Copperthwaite did not always recognize Anthony when Anthony on foot, and Copperthwaite, eyes half closed, installed in his Roland-Rex fortress, met each other. The smugness on Copperthwaite’s dozing face was sometimes more than Anthony could stand.

He consoled himself with the thought that Copperthwaite was (to misquote Mrs. Hermans) a creature of inferior blood, a proud but childlike form.
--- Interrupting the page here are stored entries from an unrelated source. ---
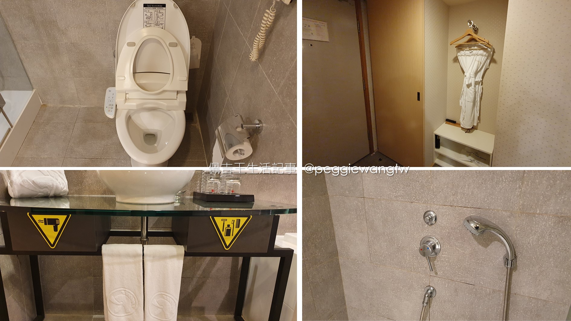| 圖:免治馬桶、淋浴間花灑、門旁衣帽間掛有浴袍 |
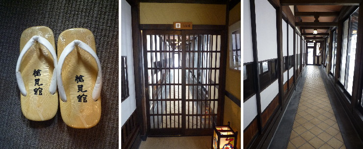 | チェックイン後の館内はネーム入りの草履で移動します。大浴場と離れは宿の端と端に位置しているので遠いですが、いい運動にもなります(笑) |
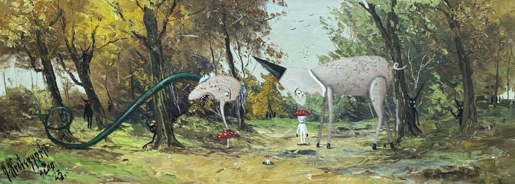 His art is inspired by Bosch and Holland art masters. He designed theater set for βLife is Beautifulβ.
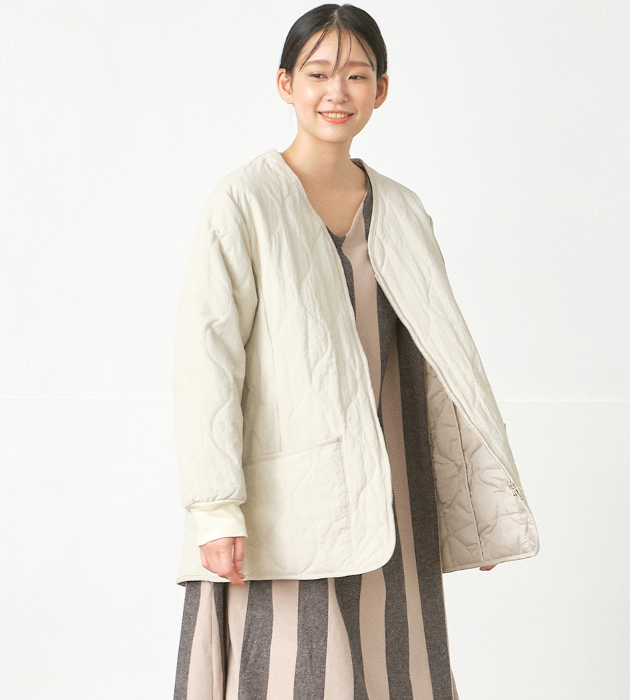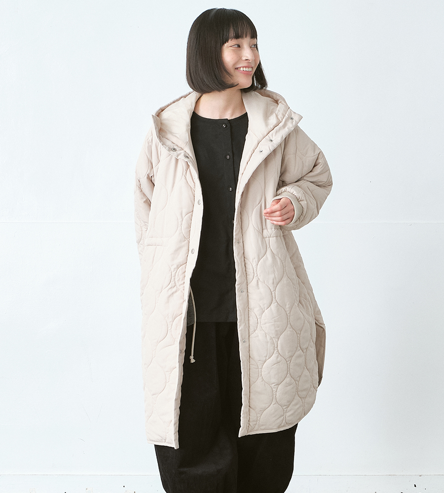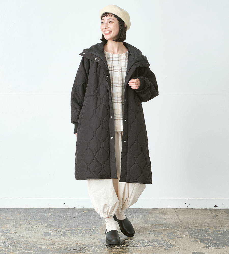 中わたをしっかり支え、暖かさを保ちながら、丸みのある表情でコーディネートをやさしく見せてくれます。
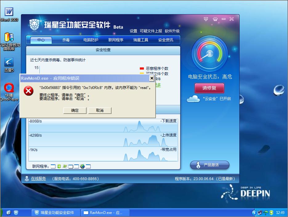 回复:瑞星全功能安全软件2011异常
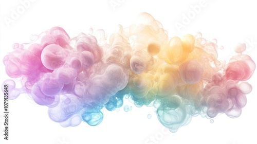 soap bubbles cluster, soft-focus effect, pastel color spectrum, photorealistic, isolated on white background

All the more was he surprised when one morning he received a letter with no stamp on it, brought by hand.

Dear Sir, (it said)

I wish to inform you that I have now terminated my engagement with my present employer, Mr. Almeric Duke. It is not on account of any disagreement with Mr. Duke, who has been both generous and understanding, but I am not happy with the conditions of my service, especially as regards the car. From what I am told, I understand you have not found another man, sir, to drive your car and minister to your comforts, and if you will consider my application to take me back into the position in which I was always happy, I shall be much obliged.

I am, sir,

Yours respectfully,

J. Copperthwaite.

Anthony studied this missive with mixed feelings. Copperthwaite had not treated him well. His daily help, who had been with him a good many years, and had known one or two of Copperthwaite’s quickly changing predecessors, once said to him, ‘You’re too easy-going with them, Mr. Easterfield, that’s what it is.’ She did not mean it as a compliment. All very well and good; but if Anthony wasn’t easy-going with them, indeed if he criticised them—their cooking, their driving, the friends of both sexes, or any sex, that they brought into the flat from time to time, their unwarrantable absences or their sometimes more disturbing presences—at the faintest hint of criticism they departed, almost before the offending words were out of his mouth. ‘Easy-going’ on his part meant easy-going on theirs; but if he had adopted a policy of ‘hard-going’, he trembled to think what the results might have been.

It was the recollection of these fugitive characters that made Anthony think more kindly of Copperthwaite. Copperthwaite had treated him badly but he had at any rate given him a week’s notice; he hadn’t just ‘slung his hook’ (to use an old-fashioned expression), leaving the keys of the flat and the car-keys on the table with a pencilled note to say he was ‘fed up’.

No, during the years that he and Copperthwaite had been together they had got on very well—not a ‘misword’ between them. His daily help, who was nothing if not censorious, may have thought that Anthony was too easy-going with Copperthwaite; but there was no occasion for hard feelings.